Проблемы в жизни всегда напоминают о том, что они есть у всех. Шеп отвлекся от Глинис и Пембы и спросил о Флике – девочки были наверху, делали уроки – и, конечно, потом о Хитер. Он даже поинтересовался, как дела у Кэрол на работе, на что больше никто не решался, поскольку это была слишком нудная тема, и не скучает ли она по садоводству. Да, она очень скучала, скучала по физическому труду и копанию в земле. Шеп сказал, что ему знакомо это чувство, что ему тоже хочется отремонтировать или смастерить нечто такое, что сделает жизнь людей лучше, а он сможет увидеть результат своего труда, вместо того чтобы о чем-то договариваться, что-то обсуждать по телефону. Кэрол работала в отделе продаж Ай-би-эм, поскольку они не требовали ее присутствия в офисе и разрешили пользоваться любым компьютером, будь то у нее дома или на Таити; она могла сама регулировать свой рабочий день, лишь бы справлялась со всеми обязанностями – такая политика фирмы в отношении сотрудников, о которой они, смеясь, договорились, не должна была казаться революционной, но казалась, поскольку единственным критерием был результат. В любом случае ландшафтный дизайн тоже не предполагал фиксированных часов работы, поэтому, насколько помнил Шеп, у Кэрол всегда была возможность вернуться домой к приходу девочек из школы, в середине дня отвезти Флику к врачу, даже при необходимости доставить ее в больницу в экстренном случае. Он спросил: стоило ли от всего этого отказываться ради большей зарплаты? Джексон едва подавил раздражение; его выводило из себя, что Кэрол получает больше его, как и страшно бесило то, что она была вынуждена забросить любимое дело, в отношениях мужчины и женщины вообще многое изменилось, и это не должно его касаться.

– Ой, да я вовсе не из-за зарплаты пошла работать в Ай-би-эм, – объяснила Кэрол. – Когда «Нак» стал «Рэнди» – ты же знаешь, как Погачник любит с наименьшими затратами получить максимальную прибыль, – он выбрал самую дешевую страховку. С нашими расходами на лечение Флики, с постоянными операциями и обследованиями мы не могли покрыть это одной страховкой Джексона.

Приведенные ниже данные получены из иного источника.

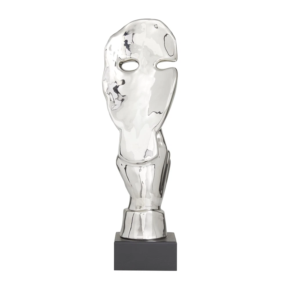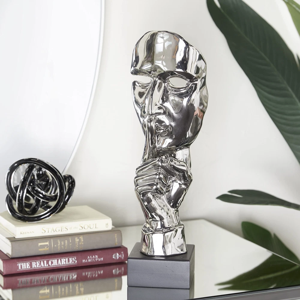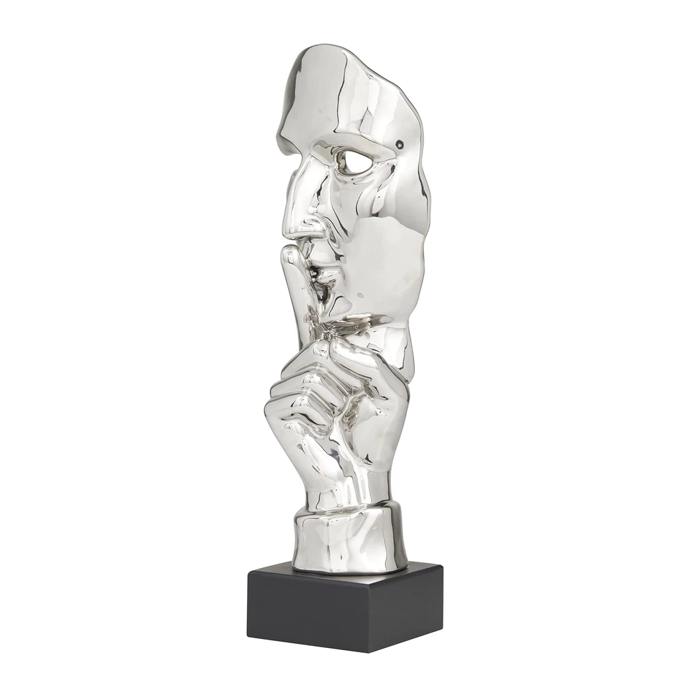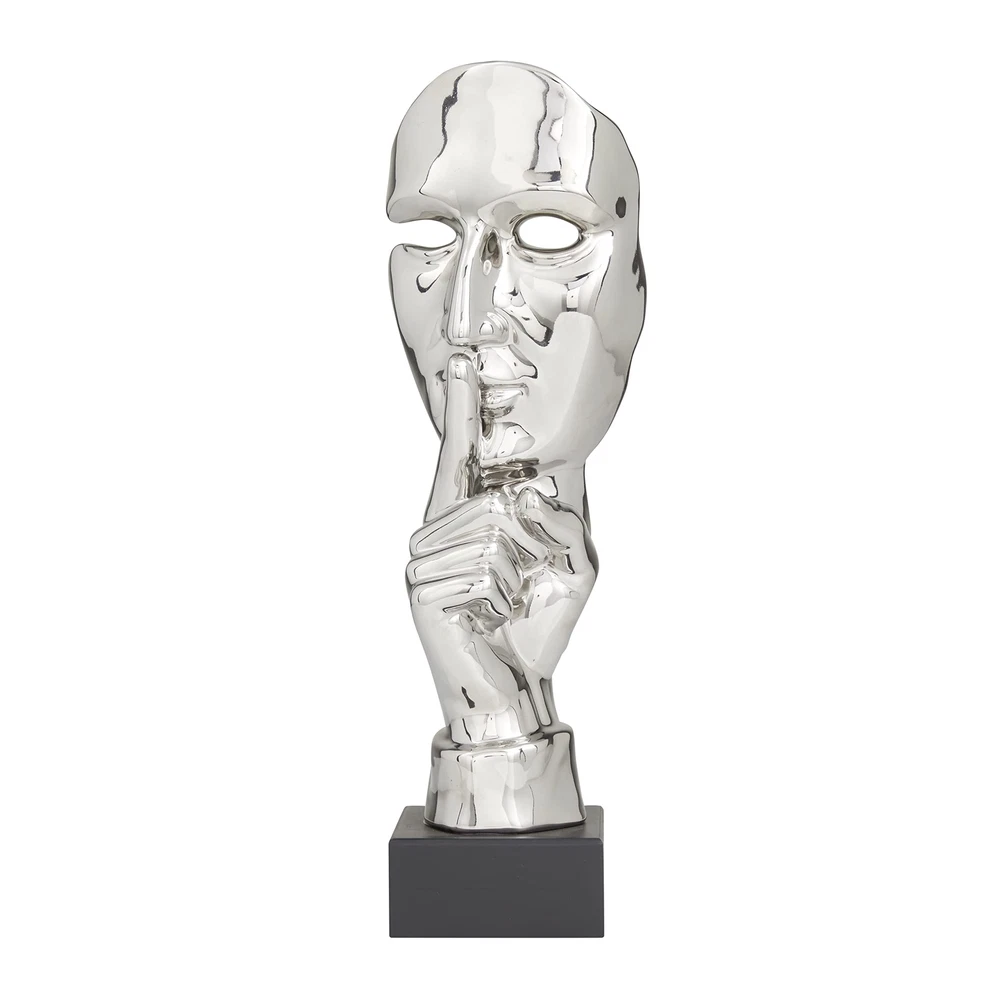 This item will elevate any living space and bring some dimensions and texture to your surface space. Give your corners and spaces a bold an elegant statement piece with this face sculpture as center or accent piece on your tables. Designed with felt or rubber stoppers at the base that prevent scratching furniture and table tops, as well as sliding around. This item ships in 1 carton. Please note that this item is for decorative use only. Polystone sculpture makes a great gift for any occasion. Suitable for indoor use only. This item ships fully assembled in piece. This is a single silver colored statue. Contemporary style. CONTEMPORARY DECORATIVE STATUE: Embrace artistic expression with a style that highlights bold designs with sleek lines, neutral elements, and a minimalist aesthetic POLYSTONE SCULPTURAL ACCENT: A contemporary abstract sculpture made of high-quality and glossy ceramic with an mdf base SILVER AND BLACK HOME DECOR FIGURINE: Hand and face sculpture flaunts a high gloss metallic silver finish set in a soot black base ACCENT STATUE: An ornate 2D full with hands gestured to keep quiet is the embodiment of this table sculpture decor LARGE SIZE SCULPTURAL STATUE: The silver polystone sculpture measures 5.20L x 4.75W x 17.20H inches, and weighs 3.14 lbs

Понимаешь, – продолжала она, – эта страховая компания «Уорлд Уилнесс труп» – исчадие ада. Система совместных платежей распространяется на все, даже на лекарства. А у нас ежемесячно по дюжине рецептов. По нашему плану мы оплачиваем десять центов, а компания несколько тысяч баксов. Цены на услуги у них настолько «разумны и привычны», как они пропагандируют, что визит врача обходится как в 1959 году. Правда, они очень строго следят, чтобы к каждому пациенту находили индивидуальный подход, а Флике это просто необходимо. Кроме того, возможно и сострахование: приходится оплачивать двадцать процентов счета. Но существуют и подводные камни: расходы не ограничены. Прибавь сюда регулярные банковские платежи – ты знаешь, какой процент они обычно дерут – хорошо, что еще процент не очень высок, получается всего-то два-три миллиона, хотя такой ребенок, как Флика, может до двадцати лет не раз превысить сумму… Надо искать другой страховой пакет.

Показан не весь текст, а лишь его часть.